Expensive nukes dont make us secure

1 comment:
It is wrong for the Government to spend £15 to £20 billion on new nuclear submarines to carry Trident nuclear missiles not least because the spending simply is not focussed on real threats to the security of our society. Securing sufficient, clean, green energy supplies, global terrorism and organised crime, climate change and a number of other issues all clearly represent security threats that we know will be ongoing for some time but investing in new nuclear submarines tackles none of these. Kingswood MP Roger Berry may not be my preferred political colour (Green) but he is right to say, 'Today's security threat is not one that can be met by nuclear weapons' ('Blair faces fight over new nukes', Bristol Evening Post, December 5).

This is not the only sense in which the £20 billion (more like £70 billion if one adds up the weapons and submarine lifetime expenditure) will be misused. At todays costs £20 billion would be enough to build 800 new schools, and who would say they aren't needed. It could pay for the protection of over 700 million acres of rainforest, or meet our UN Millenium Goal aid target of 0.7% of GDP every year for the next eight years, thus fighting global poverty which will add to our insecurity if not tackled ! There are many other life and security enhancing ways to spend the money.

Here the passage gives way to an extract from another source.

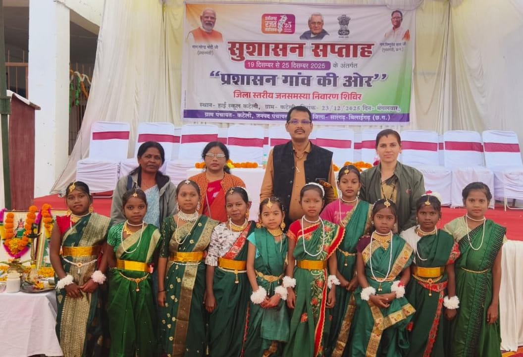 सारंगढ़ बिलाईगढ़, 23 दिसंबर 2025(आरएनएस) सुशासन सप्ताह में और प्रशासन गांव की ओर थीम पर सारंगढ़ विकासखंड के ग्राम कटेली में जनसमस्या निवारण शिविर का आयोजन किया गया, जिसमें लगभग सभी विभाग का स्टाल लगाया गया था और ग्रामीणों को शासन की जनकल्याणकारी योजनाओं की जानकारी दी। कार्यक्रम में गोद भराई का पुरस्कार, पात्र हितग्राहियों को मछली जाल एवं प्रधानमंत्री आवास योजना के अंतर्गत पूर्ण आवास प्रमाण पत्रों का वितरण किया गया। इस अवसर पर जनपद अध्यक्ष ममता सिंह, जगन्नाथ केशरवानी, भुवन मिश्रा, अरुण गुड्डू यादव, विनोद भारद्वाज, चंद्रिका ठाकुर, रोहित महिलाने, सीईओ आर.एस. नायक, डॉ. रामलाल सिदार सहित अन्य अधिकारी, कर्मचारी एवं बड़ी संख्या में ग्रामीण उपस्थित रहे।

Just think of what could be done to enhance state pensions or improve care for the elderly or improve aspects of the NHS with the billions to be spent on nuclear submarines armed with nuclear weapons. And lets not forget that the Germans, Italians, Spanish, Danish, Swedish and others in Europe and around the world do not feel they have to spend billions on nuclear weapons to make them more secure - so why do we?

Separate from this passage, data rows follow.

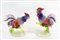Due sculture in vetro policromo raffiguranti galli. Lung. cm. 25. (difetti).
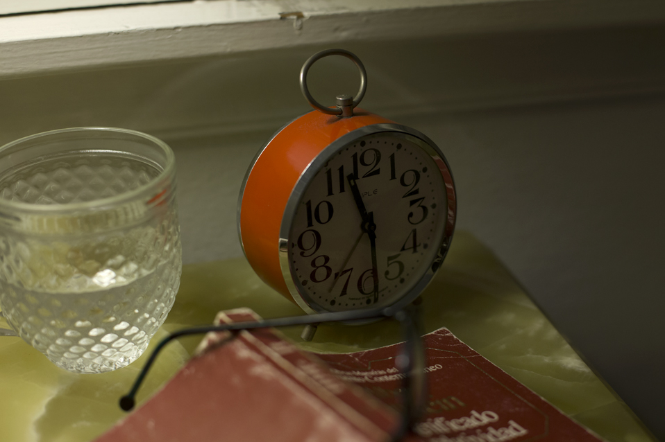 Pensei então que, me submetendo a esse dispositivo, poderia observar meu próprio sono e manter um registro de minha atividade noturna, desdobrando-me assim nas posições do empregado e do empregador. Ou, ao menos, estabelecer o intervalo real entre os parâmetros X e Y de forma estritamente mecânica. E foi o que fiz no mês de agosto de 2013, ao dormir no período de um mês amarrado a um desconfortável relógio de ponto de vigia noturno e virar a chave no mecanismo a cada vez que sentisse estar acordando. A última vez que o fizesse pela manhã, deveria ser então a definitiva. Com a exceção de que a chave, no meu caso, já estaria inserida no relógio durante a noite — eliminando o parâmetro espacial original e, com ele, a analogia com a figura do sonâmbulo —, o funcionamento me parecia ser exatamente o mesmo: um impulso orgânico, produzido por uma consciência reduzida, dispara o dispositivo mecânico.
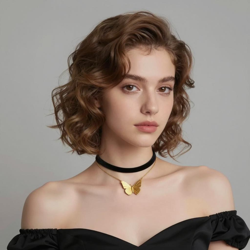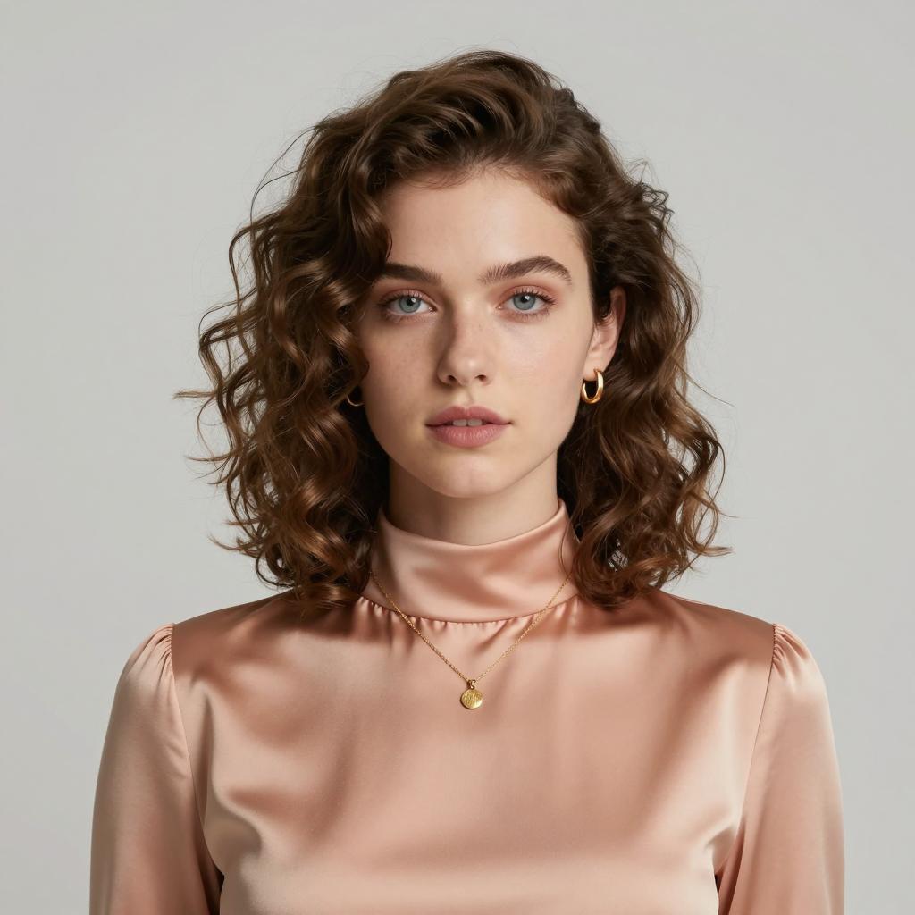 Permanent toupee hairstyle, photo-realistic portrait of a young woman, medium close-up, centered, light gray background, brown hair styled in an elegant updo with side bang, light skin, blue eyes, red lipstick, wearing gold jewelry: earrings, necklace with a central gem, orange dress with puffed sleeves, soft lighting, subtle makeup, sophisticated, classic, elegant style

Bristol North West MP Doug Naysmith is no Green but he is in tune with what will make us more secure when he said, 'We should be reducing nuclear arsenals, not increasing them.' ('Blair faces fight over new nukes', Bristol Evening Post, December 5). He is right because by not reducing nuclear weapons significantly, an aspiration of the Nuclear Non-Proliferation Treaty signed decades ago, we have sent out the message to countries who have since developed nuclear weapons, like India, Pakistan, North Korea and possibly others, that possession and threatened use of nuclear weapons is a necessary and acceptable part of being a secure state. The resulting higher risk of wider availability of nuclear material may well enhance the ability of terrorists to terrorise on a larger scale, with 'dirty' bombs containing such material.

I'm glad that a number of MPs will oppose the Government, though I note that former radical left-winger, now Bristol South MP, Dawn Primarolo wont be among them. Tony Blair is likely to win the vote on this, most likely with Conservative support too. The Government have not and wont now be leading the world in nuclear disarmament. The destructive capacity they have decided to retain is equivalent to 1000 Hiroshima nuclear bombs. Why on Earth is such a massive capacity to indiscriminately annihilate needed? How can the Labour Government, or the Conservative and Lib-Dem opposition who also want a large nuclear arsenal, ever be considered Green if they favour 'defence' by threatening to destroy life on a mass scale?